__ACTIVITY__
A word-for-word copy of the entries is the goal; leave out the pictures.

__DATA FOR THIS EXERCISE__

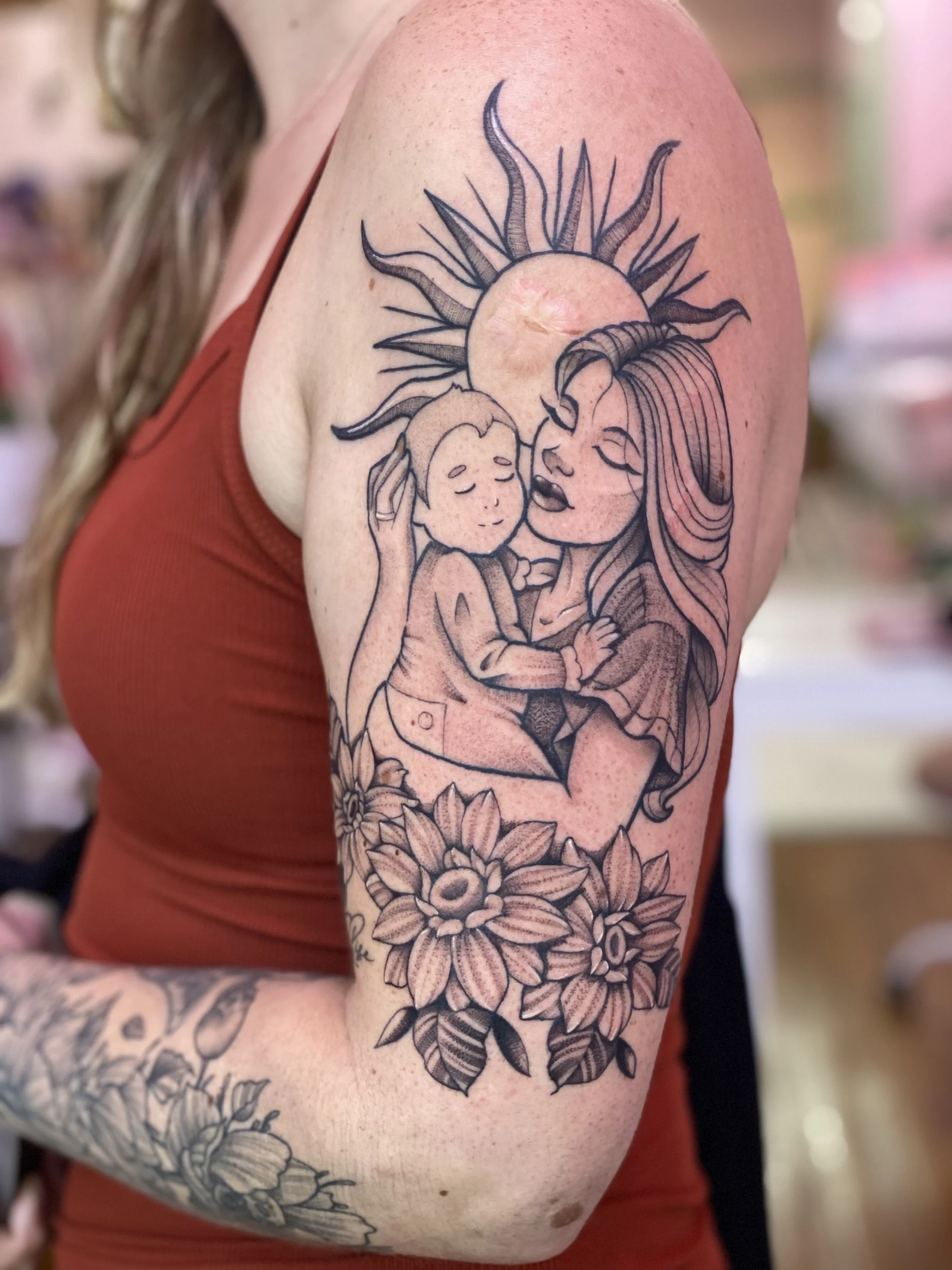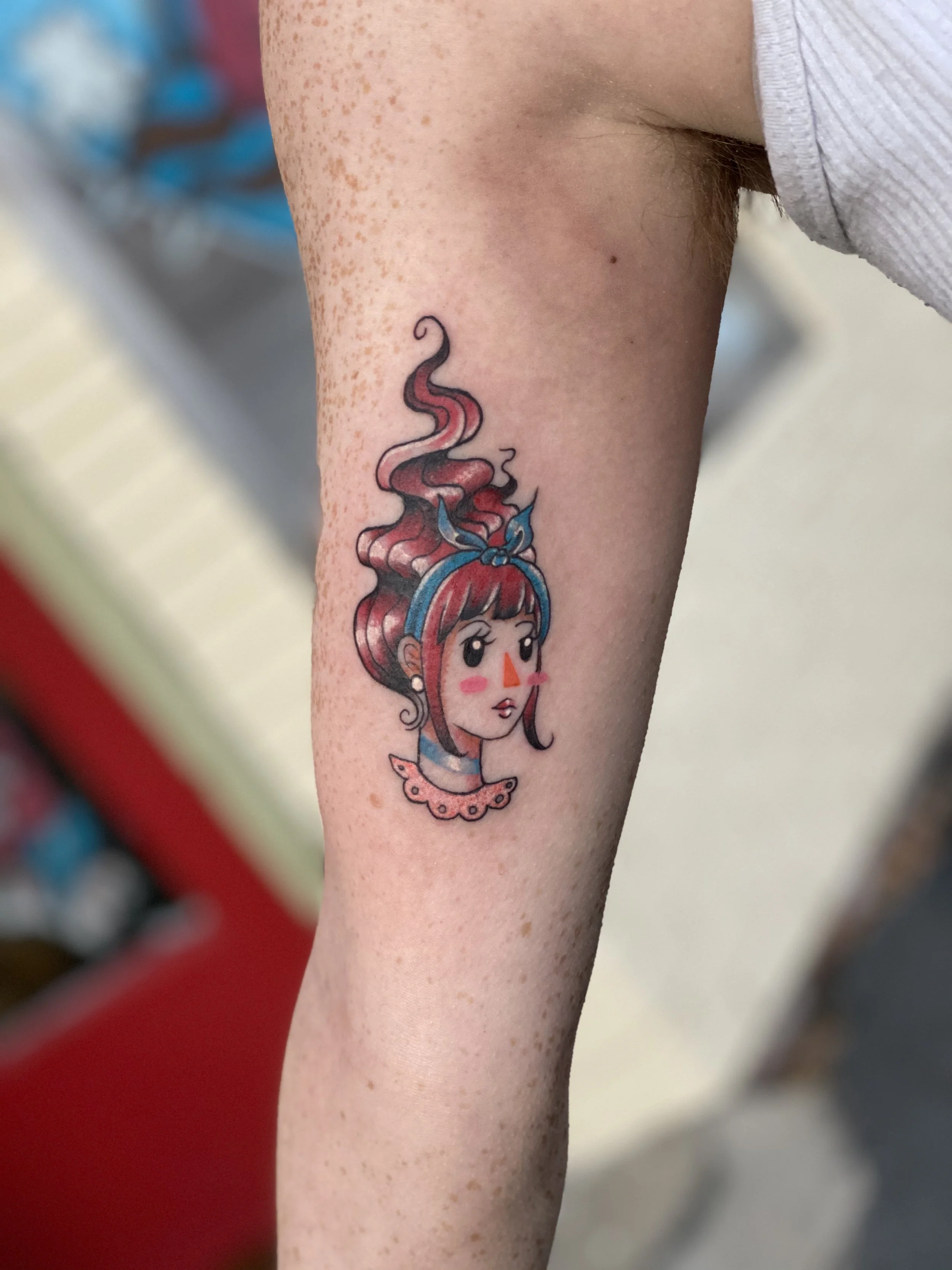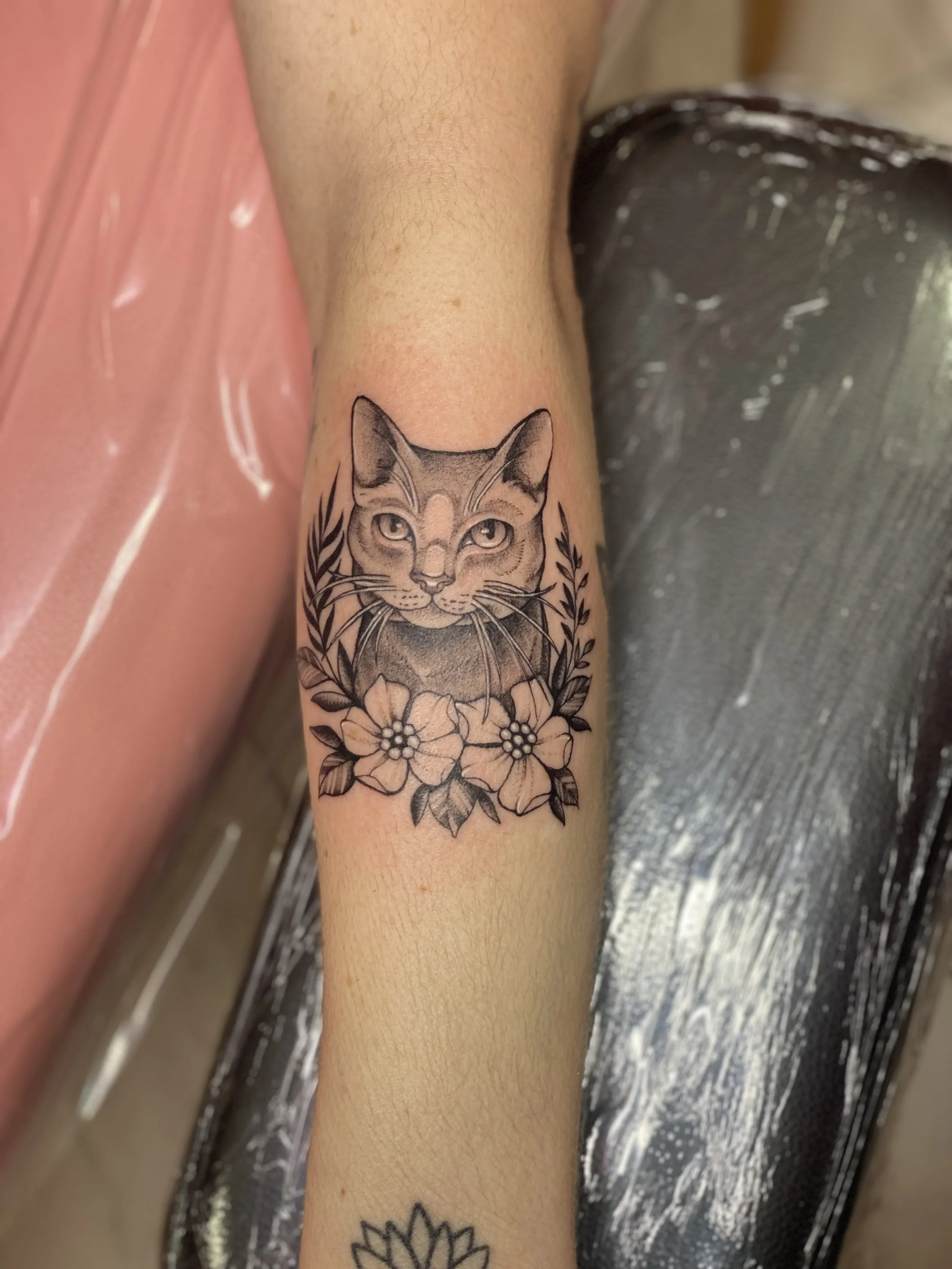 Dani goes by the playful moniker Purrsimmon, combining the "purr" of a cat with their favorite autumn fruit, the persimmon. Specializing in anime, cartoons, lady faces, florals, and more, Dani collaborates closely with clients to create one-of-a-kind tattoos inspired by their shared vision. They view tattoos as an intimate experience, often forging lasting friendships with clients.
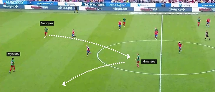 В первом эпизоде Игнатьев вернул мяч назад Чорлуке – качественный пас хорвата вперед, по сути, пропал. Во втором эпизоде Игнатьев пытался развернуть атаку через Мурило, но передача получилась неточной – мяч ушел в аут.
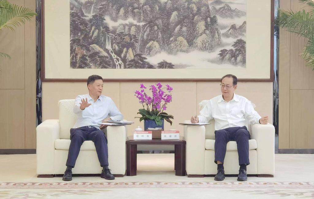 本网讯 9月1日上午, ,, ,,6731顶级娱乐集团党组书记、董事长俞培根率队会见中国国新控股有限责任公司, ,, ,,与中国国新党委书记、董事长周渝波举行友好谈判, ,, ,,双方就进一步增强交流合作, ,, ,,携手增进实体经济高质量生长等方面举行了深入交流。。。。。。6731顶级娱乐集团党组成员、副总司理李忠军, ,, ,,中国国新党委委员、副总司理王豹加入座谈。。。。。。
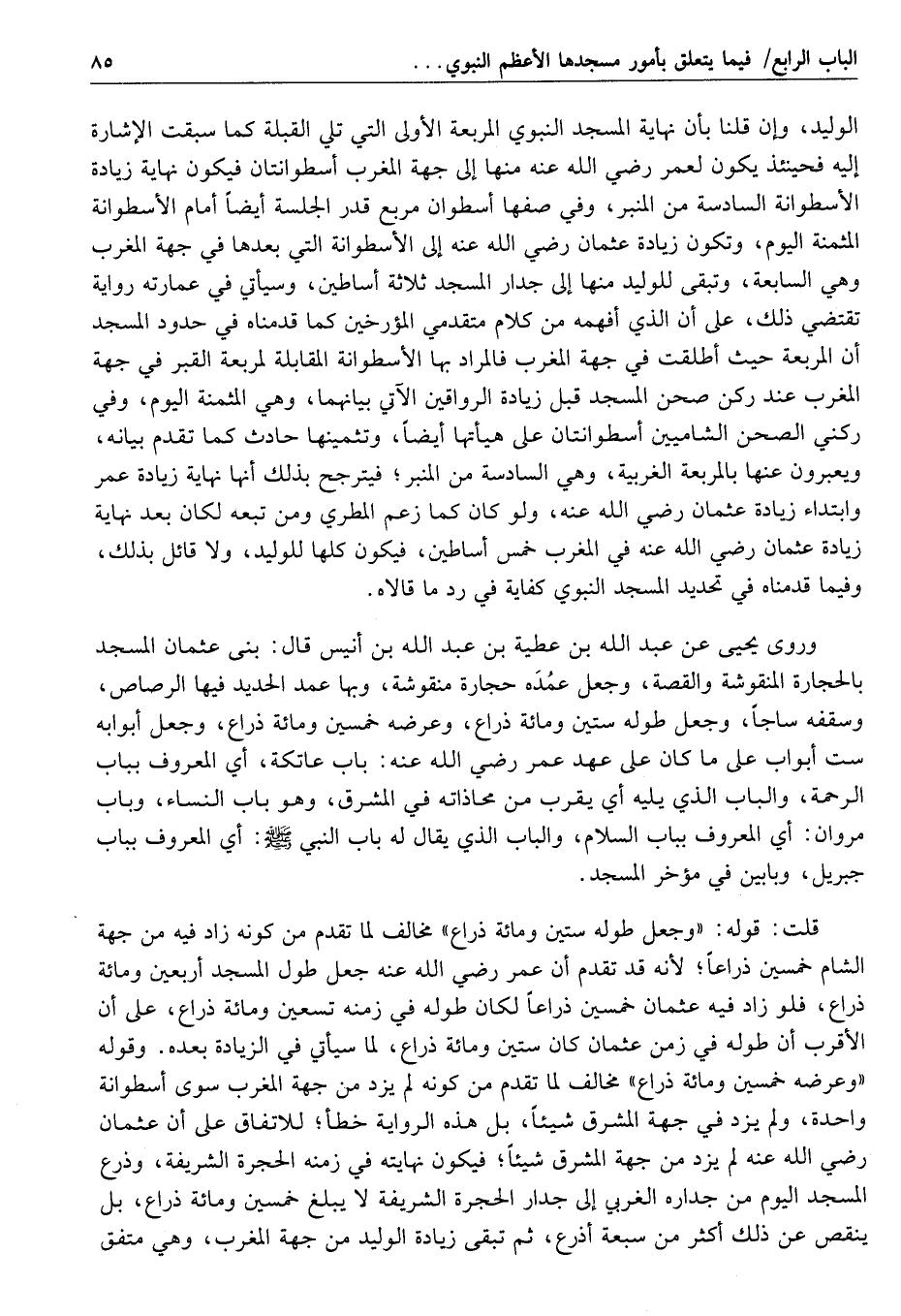 ومحصله أن زيادة عثمان هي الرواق الكائن بين الأسطوانتين المذكورتين، ولم أر من سبقهما لذلك، وقد قدمنا في تحديد المسجد النبوي ما يقتضي أن الطراز المذكور في موازاة حد المسجد النبوي على الراجح، وأن زيادة عمر وعثمان رضي الله عنهما من بعد ذلك في جهة المغرب، وأن عمر رضي الله عنه جعل المشرق إلى المغرب مائة وعشرين ذراعا، وأن من المربعة التي ذكرا أنها نهاية زيادته إلى الحجرة الشريفة ينقص عن تسعين ذراعا، وإلى محاذاة الطراز نحو المائة؛ فيبقى لعمر في جهة المغرب بعد الطراز رواقان آخران؛ فيكون نهاية المسجد في زمنه الأسطوانة السابعة من المنبر، وفي صف السابعة من المنبر أسطوان أسفله مربع لكنه ليس مرتفعا عن الأرض بقدر الجلسة، بل تربيعه على وجه الأرض، وقد زال تربيعه في العمارة الحادثة بعد الحريق الثاني، وليس هو في صف الأساطين التي تلي القبلة، بل في صف الأساطين التي خلف محراب الحنفية؛ فالظاهر أن هذه المربعة هي المرادة هنا؛ فيكون لعثمان رضي الله عنه في جهة المغرب الرواق الذي بعدها؛ فيكون نهاية المسجد في زمننه الأسطوانة الثامنة من المنبر في جهة المغرب، ويدل على صحة ذلك ما سيأتي أن الوليد زاد بعد عثمان رضي الله عنه في جهة المغرب أسطوانين، ولم يزد أحد بعد الوليد في جهة المغرب شيئا، والباقي من الأسطوانة الثامنة من المنبر أسطوانتان فقط في جهة المغرب، فهما زيادة الوليد، وهناك أسطوان مربعة مرتفعة قدر الجلسة أيضا أمام الأسطوانة بوجاه الداخل من باب السلام، الظاهر أنها جعلت علامة لنهاية زيادة عثمان رضي الله عنه، وابتداء زيادة
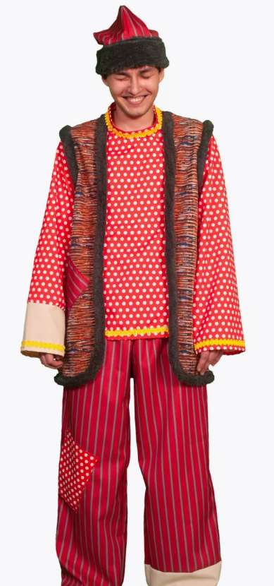 Карнавальный набор "Емеля-2" мужской на размер 48-52/176-182см;состоит из рубашки, брюк, жилета, шапки. Брюки на резинке в поясе, шапка без подкладки.
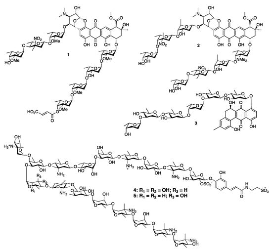 Representative deoxy sugars containing natural products: arugomycin (1), keyicin (2), landomycin A (3), saccharomicin A (4), and saccharomicin B (5).

__COMPLETED TASK__
 Dani goes by the playful moniker Purrsimmon, combining the "purr" of a cat with their favorite autumn fruit, the persimmon. Specializing in anime, cartoons, lady faces, florals, and more, Dani collaborates closely with clients to create one-of-a-kind tattoos inspired by their shared vision. They view tattoos as an intimate experience, often forging lasting friendships with clients.
 В первом эпизоде Игнатьев вернул мяч назад Чорлуке – качественный пас хорвата вперед, по сути, пропал. Во втором эпизоде Игнатьев пытался развернуть атаку через Мурило, но передача получилась неточной – мяч ушел в аут.
 本网讯 9月1日上午, ,, ,,6731顶级娱乐集团党组书记、董事长俞培根率队会见中国国新控股有限责任公司, ,, ,,与中国国新党委书记、董事长周渝波举行友好谈判, ,, ,,双方就进一步增强交流合作, ,, ,,携手增进实体经济高质量生长等方面举行了深入交流。。。。。。6731顶级娱乐集团党组成员、副总司理李忠军, ,, ,,中国国新党委委员、副总司理王豹加入座谈。。。。。。
 ومحصله أن زيادة عثمان هي الرواق الكائن بين الأسطوانتين المذكورتين، ولم أر من سبقهما لذلك، وقد قدمنا في تحديد المسجد النبوي ما يقتضي أن الطراز المذكور في موازاة حد المسجد النبوي على الراجح، وأن زيادة عمر وعثمان رضي الله عنهما من بعد ذلك في جهة المغرب، وأن عمر رضي الله عنه جعل المشرق إلى المغرب مائة وعشرين ذراعا، وأن من المربعة التي ذكرا أنها نهاية زيادته إلى الحجرة الشريفة ينقص عن تسعين ذراعا، وإلى محاذاة الطراز نحو المائة؛ فيبقى لعمر في جهة المغرب بعد الطراز رواقان آخران؛ فيكون نهاية المسجد في زمنه الأسطوانة السابعة من المنبر، وفي صف السابعة من المنبر أسطوان أسفله مربع لكنه ليس مرتفعا عن الأرض بقدر الجلسة، بل تربيعه على وجه الأرض، وقد زال تربيعه في العمارة الحادثة بعد الحريق الثاني، وليس هو في صف الأساطين التي تلي القبلة، بل في صف الأساطين التي خلف محراب الحنفية؛ فالظاهر أن هذه المربعة هي المرادة هنا؛ فيكون لعثمان رضي الله عنه في جهة المغرب الرواق الذي بعدها؛ فيكون نهاية المسجد في زمننه الأسطوانة الثامنة من المنبر في جهة المغرب، ويدل على صحة ذلك ما سيأتي أن الوليد زاد بعد عثمان رضي الله عنه في جهة المغرب أسطوانين، ولم يزد أحد بعد الوليد في جهة المغرب شيئا، والباقي من الأسطوانة الثامنة من المنبر أسطوانتان فقط في جهة المغرب، فهما زيادة الوليد، وهناك أسطوان مربعة مرتفعة قدر الجلسة أيضا أمام الأسطوانة بوجاه الداخل من باب السلام، الظاهر أنها جعلت علامة لنهاية زيادة عثمان رضي الله عنه، وابتداء زيادة
 Карнавальный набор "Емеля-2" мужской на размер 48-52/176-182см;состоит из рубашки, брюк, жилета, шапки. Брюки на резинке в поясе, шапка без подкладки.
 Representative deoxy sugars containing natural products: arugomycin (1), keyicin (2), landomycin A (3), saccharomicin A (4), and saccharomicin B (5).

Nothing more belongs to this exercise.